II. Aures навет, et non audit[2]

Старик оставался сидеть неподвижно. Он ни о чем не думал, да и едва ли что-нибудь соображал. Вокруг него все было ясно, тихо, все дремало в доверчивом сне. На вершине дюны было еще светло, но в долине уже были сумерки, а в лесу было совсем темно. На востоке поднималась луна, а в зените мерцало несколько звезд. Этот человек, хотя и сильно озабоченный, очевидно, отдыхал среди вечерней тишины и спокойствия. В душе его брезжилась заря надежды, если только слово «надежда» применимо к ожиданию ужасов междоусобной войны. В настоящую минуту ему казалось, что, покинув столь суровое для него море и ступив на землю, он избег всякой опасности. Никому неизвестно было его имя, он был одинок, след его пропал, так как на морской поверхности не остается никаких следов. Никто даже не подозревал о его пребывании в этих краях. Им овладело чувство полного успокоения. Еще немного — и он бы заснул.

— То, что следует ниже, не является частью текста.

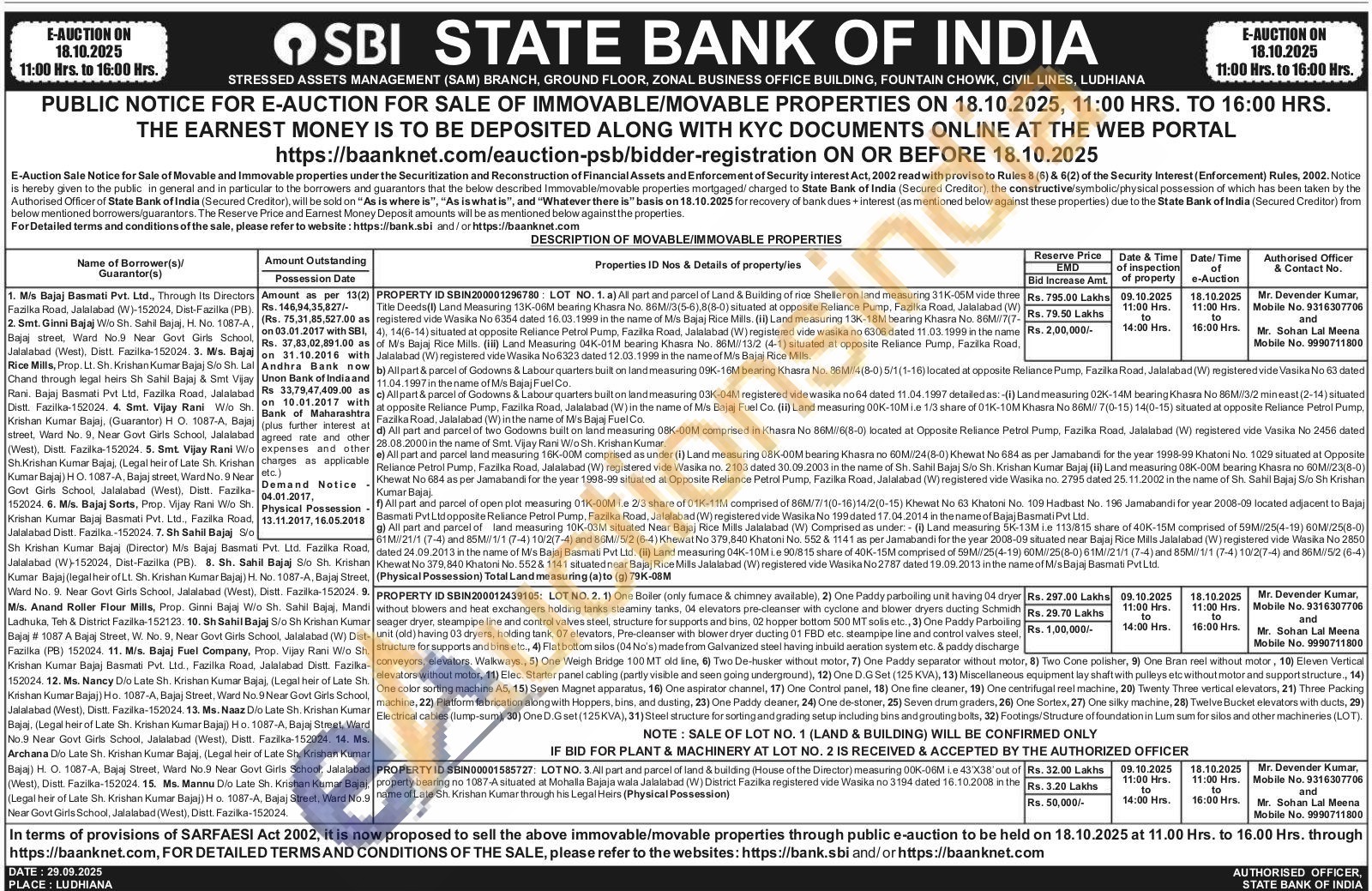 LOT NO. 2. 1) One Boiler (only fumace & chimney available), 2) One Paddy parboiling unit having 04 dryer Rs without blowers and heat exchangers holding tanks steaminy tanks, 04 elevators pre-cleanser with cyclone and blower dryers ducting Schmidh seager dryer, steampipe line and control valves steel, structure for supports and bins, 02 hopper bottom 500 MT solis etc., 3) One Paddy Parboiling unit (old) having 03 dryers, holding tank, 07 elevators, Pre-cleanser with blower dryer ducting 01 FBD etc. steampipe line and control valves steel, structure for supports and bins etc., 4) Flat bottom silos (04 No's) made from Galvanized steel having inbuild aeration system etc. & paddy discharge conveyors, elevators, Walkways., 5) One Weigh Bridge 100 MT old line, 6) Two De-husker without motor, 7) One Paddy separator without motor, 8) Two Cone polisher, 9) One Bran reel without motor, 10) Eleven Vertical elevators without motor, 11) Elec. Starter panel cabling (partly visible and seen going underground), 12) One D.G Set (125 KVA), 13) Miscellaneous equipment lay shaft with pulleys etc without motor and support structure., 14) One color sorting machine A5, 15) Seven Magnet apparatus, 16) One aspirator channel, 17) One Control panel, 18) One fine cleaner, 19) One centrifugal reel machine, 20) Twenty Three vertical elevators, 21) Three Packing machine, 22) Platform fabrication along with Hoppers, bins, and dusting, 23) One Paddy deaner, 24) One de-stoner, 25) Seven drum graders, 26) One Sortex, 27) One silky machine, 28) Twelve Bucket elevators with ducts, 29) Electrical cables (lump-sum), 30) One D.Gset (125KVA), 31) Steel structure for sorting and grading setup including bins and grouting bolts, 32) Footings/Structure of foundation in Lum sum for silos and other machineries (LOT).

В глазах этого человека, жертвы стольких бурь, и внешних и внутренних, эти переживаемые им минуты покоя получали особую прелесть, ввиду полной и безусловной тишины как на небе, так и на земле. Только и слышно было, что отдаленный шум моря; но к этому гулу обычно до такой степени привыкают, что перестают обращать на него внимание.

2

Имеет уши, но не услышит (лат.).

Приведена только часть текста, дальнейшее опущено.